> _EXERCISE INPUT_:
=== Begin Enclosure ===

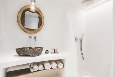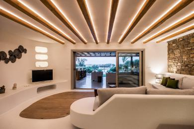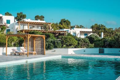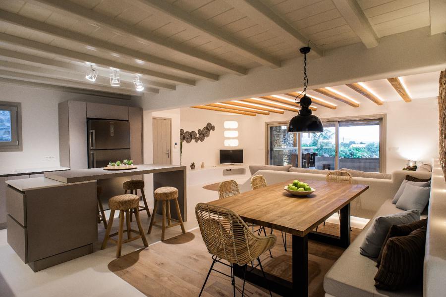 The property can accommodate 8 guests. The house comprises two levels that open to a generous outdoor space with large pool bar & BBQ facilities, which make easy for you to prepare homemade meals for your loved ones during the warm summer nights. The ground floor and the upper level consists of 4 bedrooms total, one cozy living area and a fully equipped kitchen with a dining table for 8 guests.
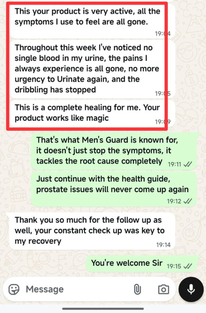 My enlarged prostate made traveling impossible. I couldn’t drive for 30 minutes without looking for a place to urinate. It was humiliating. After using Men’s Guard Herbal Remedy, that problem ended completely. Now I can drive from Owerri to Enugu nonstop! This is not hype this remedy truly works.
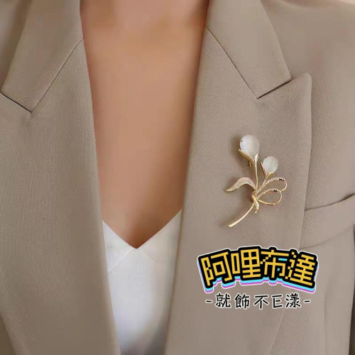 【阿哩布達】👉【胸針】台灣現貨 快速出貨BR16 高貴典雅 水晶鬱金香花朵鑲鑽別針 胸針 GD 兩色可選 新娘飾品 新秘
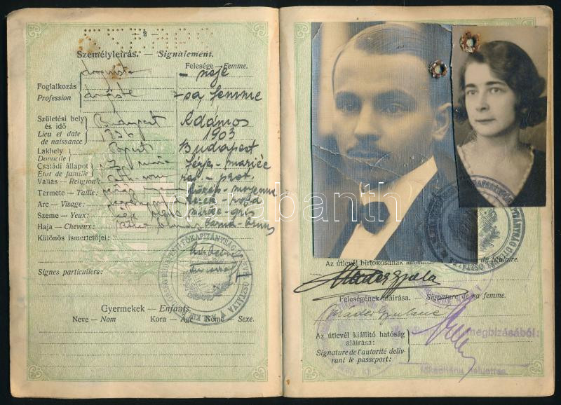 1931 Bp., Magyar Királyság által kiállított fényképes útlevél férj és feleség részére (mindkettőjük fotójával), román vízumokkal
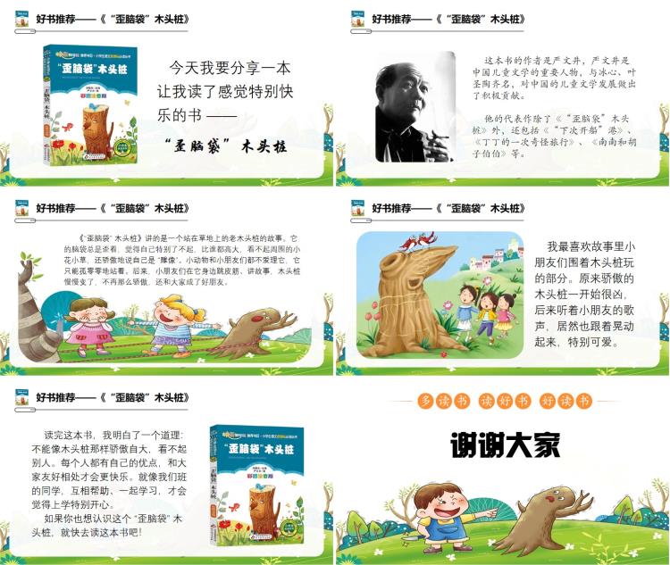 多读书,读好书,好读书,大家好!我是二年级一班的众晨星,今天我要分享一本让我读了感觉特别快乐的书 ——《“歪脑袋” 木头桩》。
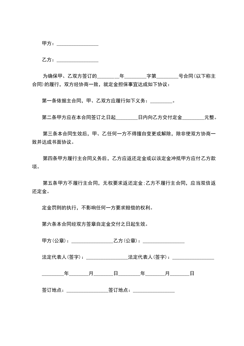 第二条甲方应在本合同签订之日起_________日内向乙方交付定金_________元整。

=== End Enclosure ===
=== Begin Enclosure ===

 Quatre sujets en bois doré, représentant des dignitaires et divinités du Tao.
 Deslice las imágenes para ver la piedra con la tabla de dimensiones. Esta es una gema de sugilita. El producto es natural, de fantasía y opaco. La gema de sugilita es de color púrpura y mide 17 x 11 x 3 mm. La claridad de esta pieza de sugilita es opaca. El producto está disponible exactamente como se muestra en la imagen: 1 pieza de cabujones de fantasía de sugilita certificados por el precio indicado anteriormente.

=== End Enclosure ===
=== Begin Enclosure ===

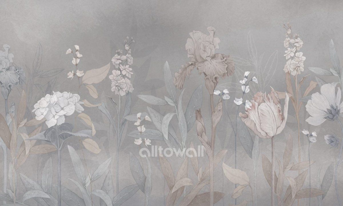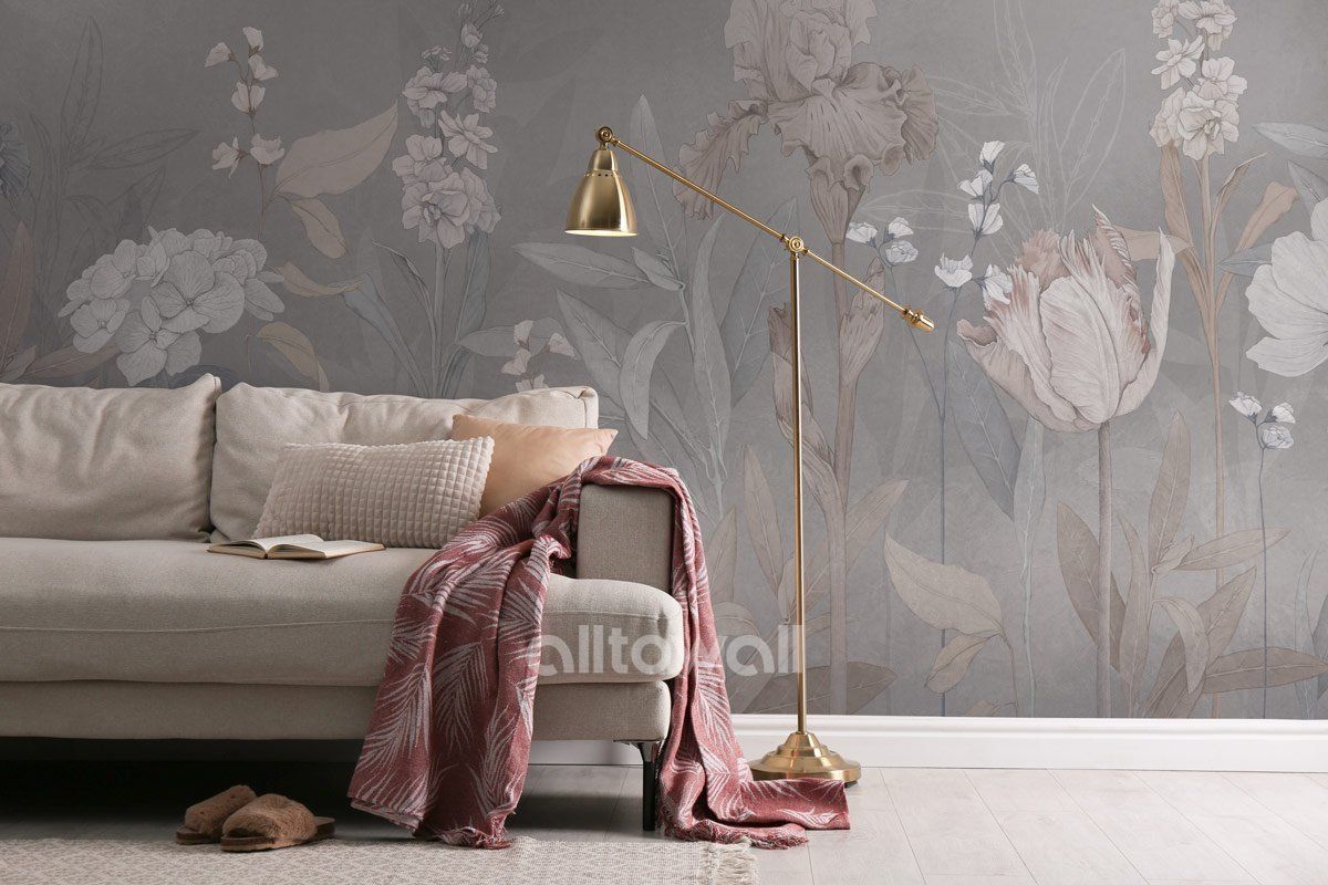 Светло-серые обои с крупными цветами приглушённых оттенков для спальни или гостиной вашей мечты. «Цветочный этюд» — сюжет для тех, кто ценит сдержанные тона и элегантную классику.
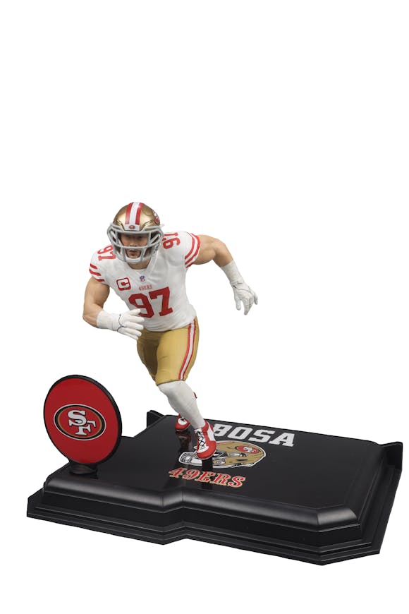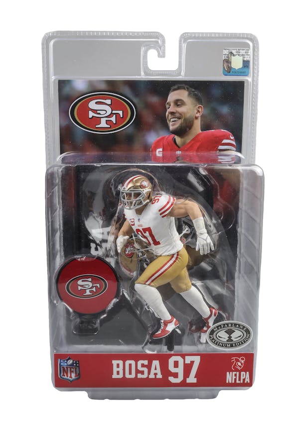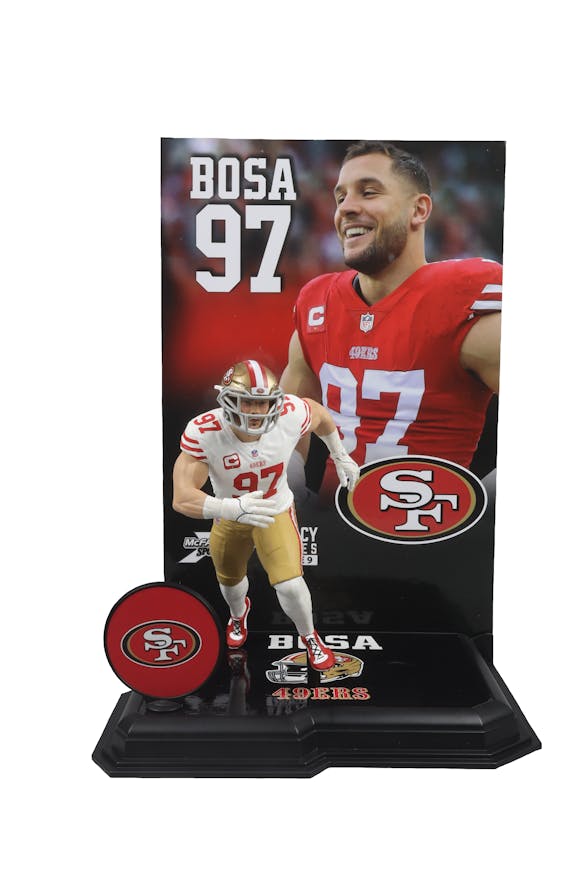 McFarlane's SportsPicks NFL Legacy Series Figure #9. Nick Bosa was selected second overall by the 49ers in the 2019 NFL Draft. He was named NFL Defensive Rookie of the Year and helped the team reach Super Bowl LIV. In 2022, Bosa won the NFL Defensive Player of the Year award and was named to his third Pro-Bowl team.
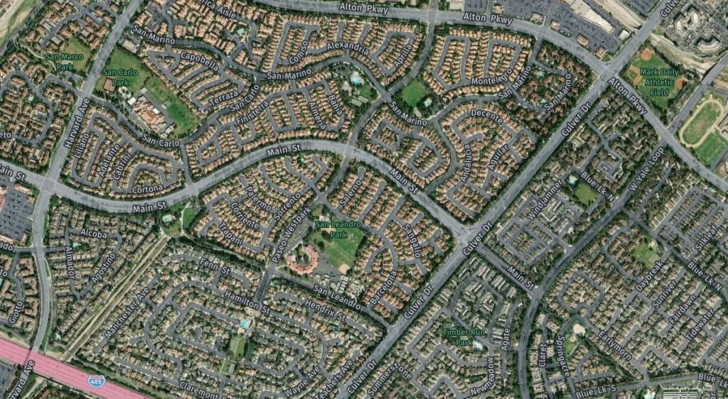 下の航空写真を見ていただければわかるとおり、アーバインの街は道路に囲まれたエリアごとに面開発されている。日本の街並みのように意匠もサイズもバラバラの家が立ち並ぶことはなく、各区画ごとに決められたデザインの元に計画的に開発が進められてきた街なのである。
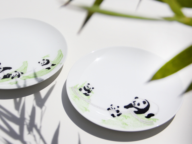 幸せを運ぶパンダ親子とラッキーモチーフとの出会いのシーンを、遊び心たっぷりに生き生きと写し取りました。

=== End Enclosure ===

> _TASK_: Beginning with the line that contains "兩色可選 新娘飾品 新秘" and ending with the line that contains "第二条甲方应在本合同签订之日", reproduce the listing exactly, pictures excluded.

> _SOLUTION_:
 【阿哩布達】👉【胸針】台灣現貨 快速出貨BR16 高貴典雅 水晶鬱金香花朵鑲鑽別針 胸針 GD 兩色可選 新娘飾品 新秘
 1931 Bp., Magyar Királyság által kiállított fényképes útlevél férj és feleség részére (mindkettőjük fotójával), román vízumokkal
 多读书,读好书,好读书,大家好!我是二年级一班的众晨星,今天我要分享一本让我读了感觉特别快乐的书 ——《“歪脑袋” 木头桩》。
 第二条甲方应在本合同签订之日起_________日内向乙方交付定金_________元整。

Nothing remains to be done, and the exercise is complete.